Rin winces. “About that… Souji gave it to fucking Tyler. Tossed my shit right out and gave me some menial task while our intern gets to be out of his depth with a project like that.” It had frustrated Rin at the time, no doubt about that, but around Kitay her anger at the unfairness of the situation flows like water from a broken tap-ceaselessly, until she’s ranted about the situation and both of their drinks are empty and Kitay is staring at her with a mix of fascination and horror.

“Are you okay?” He asks her, which feels a bit moot. 

“Peachy,” she remarks, but all the bite is taken out of it. “And don’t even get me started on mom. I swear they keep upping the price to give her that single room every month.”

“And they probably are,” Kitay concedes. Rin can’t argue. Memory care is expensive, and for her mom’s comfort Rin couldn’t not opt for a single room, but it does mean she’s burning a hole through her budget every month.

Rin packs up her belongings with the air of someone clearly frustrated, hasty movements and a bit more force behind throwing out her empty cup than what’s strictly necessary, but she can’t deny that sharing some of the burden with Kitay has done wonders to make her feel better. But as she turns away from the trash can, half-eaten muffin still in hand, she catches a glimpse of a flash outside the cafe window.

It draws her attention, and then another flash—this time, she recognizes it as a flashbulb from a camera. Bewildered, she stares at the man on the street, his camera aimed directly at her. Once she realizes what’s happening, she ducks behind a nearby pillar and looks over at Kitay. “What the fuck?” She asks, her mind startled and her vision still flashing different colors in the echo of the flashbulb. 

She’s saved by the barista coming around the counter and sticking her head out the door to wave the man off with some rather creative curses, but that does little to explain why that just happened—or even what just happened.

“Sorry about that,” the barista says with an apologetic smile, before going back to work, clearly unbothered by having a man just take a picture of one of her customers through the window. She looks young, though, and Rin tries to give her the benefit of the doubt. Maybe she’s new on the job and terrified.

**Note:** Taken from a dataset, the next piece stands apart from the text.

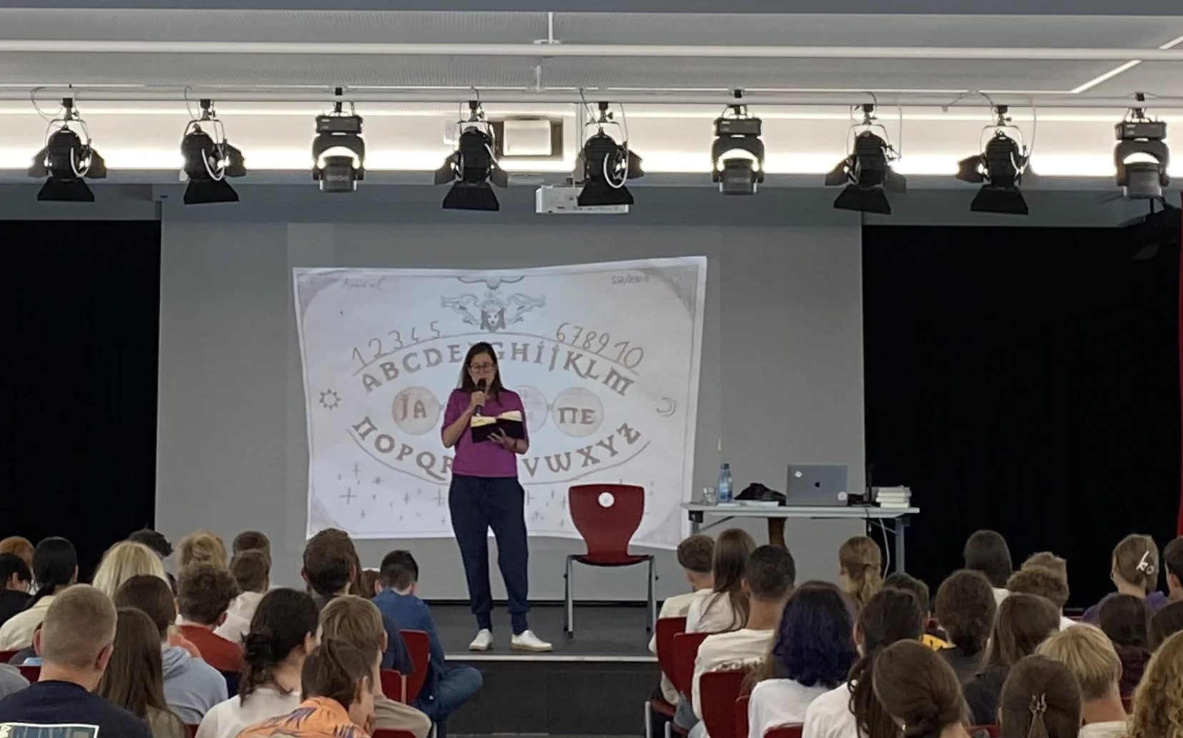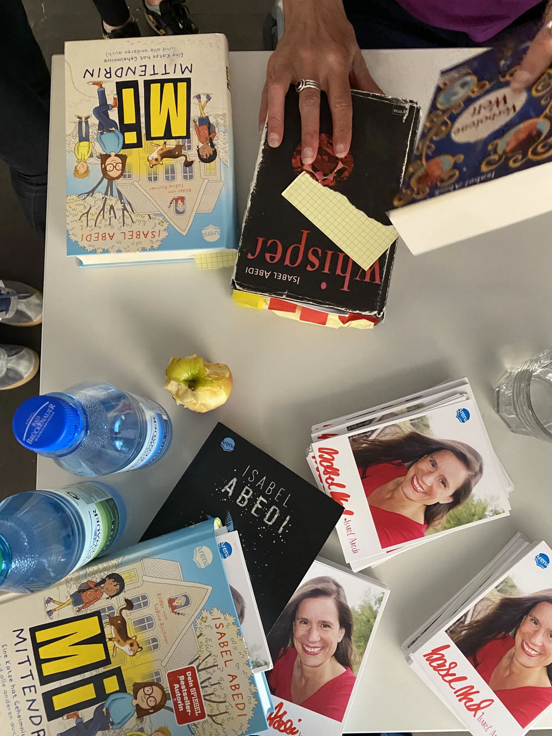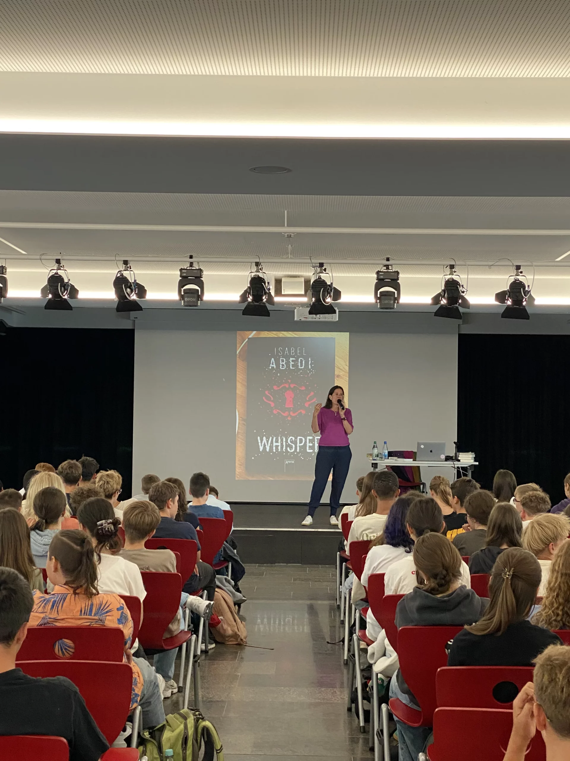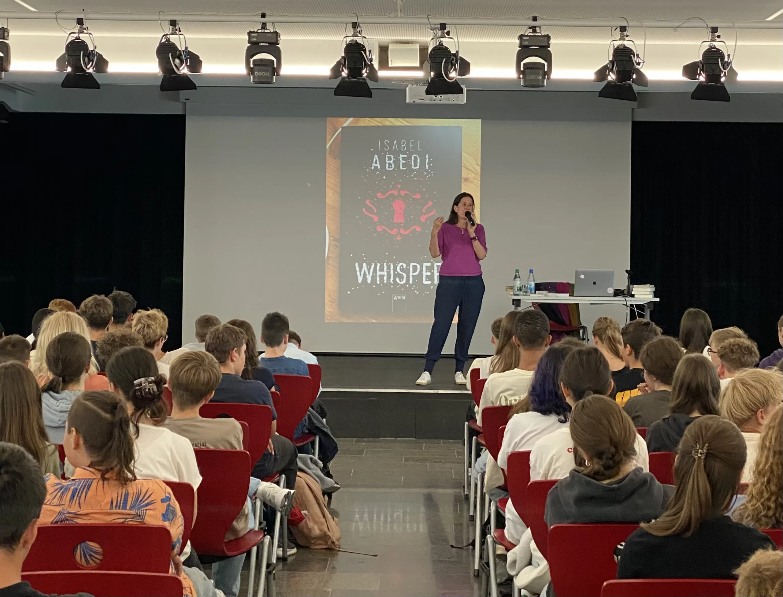 Für die Unterstufe las Isabel Abedi aus ihrem Buch „Mi mittendrin“, für die Mittelstufe aus „Whisper“. Mit ihrer lebendigen Erzählweise zog sie die Zuhörerinnen und Zuhörer in den Bann und gewährte spannende Einblicke in ihren Schreibprozess.

Kitay, though, looks out the window and down the street, then back up, as if searching for signs of the man and his camera. “I feel like that probably counts as harassment in some way? If you want to talk to the police about it, I can be a witness for you.”

Rin shakes her head, her hand waving Kitay off. “No, no, I’m not gonna bother.” She has too much on er plate, after all, to add connecting with the police over an incident that confuses her more than it bothers her.

Still, as she exits the coffee shop with Kitay in tow, she glances down the street towards the direction the man fled in, and can’t shake the feeling that it wasn’t entirely a coincidence.